Have You Written Your Health System’s Constitution?

April 13, 2017
Are there parallels between the development of your health system’s IT governance structure and how the Founding Fathers compromised to create the U.S. Constitution?

Are there parallels between the development of your health system’s IT governance structure and how the Founding Fathers compromised to create the U.S. Constitution? According to Ernie Hood, senior research director for the Advisory Board Co., there should be.

Hood, former vice president and CIO at Group Health Cooperative in Seattle, gave a recent online presentation about creating true “systemness” in this era of health system consolidation.

First, he noted that despite all the consolidation that is taking place, it has rarely led to greater efficiencies or lower costs for patients.

Part of the reason, he argued, is that many merged organizations haven’t done the hard work to really become one entity with everyone pulling in the same direction. But changes in the marketplace, including the shift to accountable care organizations, are making it more necessary to have higher levels of competency in integration. That often involves making hard choices, Hood said. “People have to commit to disruptive change, but that change may be hard on them as individuals.”
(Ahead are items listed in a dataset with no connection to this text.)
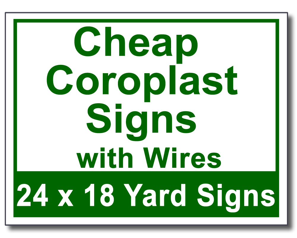 Cheap Coroplast Signs with Wires. Free Wires included. Kit Includes 50 24x18 Cheap Coroplast Signs with 100 Wires. Easy to order kits - customize with your contact information. This sign can be screen printed in any of our standard colors on white or yellow corrugated plastic.
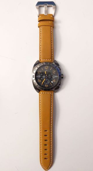 ENVIO POR WALLAPOP A PARTIR DEL 1 DE ENERO Reloj Timberland con correa de cuero marrón y detalles plateados. Funciona perfectamente, lleva pila recien puesta. Usa correa de 24mm, pero regalo correa de 22mm color camel. - Correa de cuero de 22mm nueva. - Bisel con indicaciones de puntos cardinales. Ideal para regalo
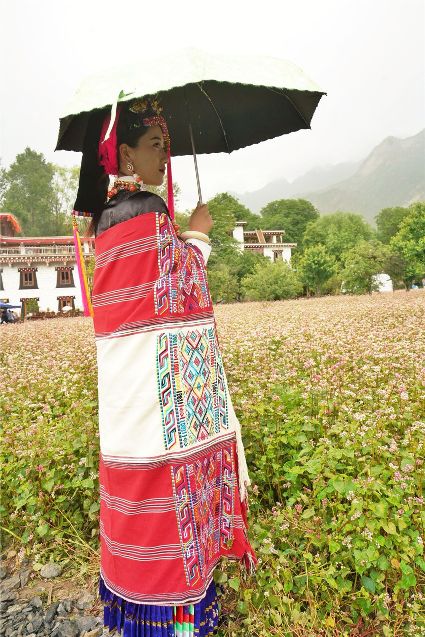 比賽開始不久,現(xiàn)場下起了小雨,但絲毫沒有影響熱烈氣氛。臺上的佳麗們,略施粉黛,穿著承載著嘉絨風(fēng)情文化的民族盛裝,自我介紹,優(yōu)雅展示。臺下,則是鄉(xiāng)民齊聚,熱情高漲。大家紛紛到場,為佳麗們加油助威。據(jù)介紹,丹巴出美女始于漢代的東女國時期。古時每年農(nóng)作物收獲的時節(jié),丹巴各村各寨都要舉行盛大的選美和祭祀活動。

What can go wrong during healthcare mergers? Local executives tend to remain focused on maximizing the performance of often-competing “fiefdoms.” Physicians can remain locked in cultures of individualism and tribalism despite stronger contractual alignment. And front-line staff members can be unaware of or disengaged from system priorities.

Information technology can hamper or aid efforts to create a single system. Merged organizations can have a hodge-podge of siloed applications that don’t talk to each other. Data used for quality metrics aren’t “apples to apples,” so you fail to get clinician buy-in. Hood noted that access to consistent applications across all modalities of care is important, and IT governance rules are key.

Hood spoke about some rules for “writing the constitution” for your health system, in terms of centralized vs. local control. “You can’t centralize all decision making,” he said, so like the Founding Fathers you have to find the health IT equivalent of a “federalist” balance between the states and the federal government. “Getting the balance right can be tricky.”

From his research, Hood says, organizations tend to cede too much authority to the local level. Potential drawbacks include unjustified variation and conflicting efforts. In those cases, organizations can end up with the “tail wagging the dog.”

But in the opposite case, centralizing every power merely exchanges strategic failures for operational ones, Hood said. If you fail to distribute authority over resources, you risk disempowering people. People may feel run over as local needs are underemphasized, he said. You reduce staff engagement and lose local perspective.

In defining roles, IT governance at the system level should emphasize planning but should delegate implementation to the local level, he said. This may involve limiting governance to guidelines that can be localized and limiting rules to a minimum set of guardrails. “A rule of thumb is that planning should be elevated to the system level and implementation should be delegated to the local level,” Hood said.

And just as the Founding Fathers sought a more engaged citizenry, you want to get employees to think like system citizens, Hood said. You need to make special efforts to engage front line staff and be as transparent as possible about why decisions are being made. “The more you share, the more engaged they are going to be at the local level,” Hood said. “Governance should provide a means for the local level to review and coordinate changes that impact them.”

Because Hood had served as CIO for Group Health Cooperative (GHC) in Seattle, I immediately thought of its recent merger with Kaiser Permanente. I asked Hood if a merger like that between two large organizations with sophisticated IT infrastructures was easier or more difficult than one in which a large fish swallows a much smaller one.

Mergers are much easier when one organization simply swallows the other because there is a working system that’s being adopted rather than something new being created, he told me in an e-mail exchange.

“In the case of GHC and Kaiser, the situation is a bit unusual in that their path is eased by familiarity. The two organizations have been close for decades, have no overlapping territory, have often shared intellectual property and they use many of the same IT systems (both are on Epic for example),” Hood said.

The two organizations know each other pretty well, he added, and there are even a lot of cultural similarities that should help compensate for the complexity. “Their changes may go a lot smoother than one would typically expect for two similar organizations trying to merge.”

IT governance is not a project with a start and end date, but an ongoing challenge. And in an era of mergers and acquisitions, it is one of the health system CIOs greatest areas of focus. How many are getting it right? How many are in need of constitutional amendments?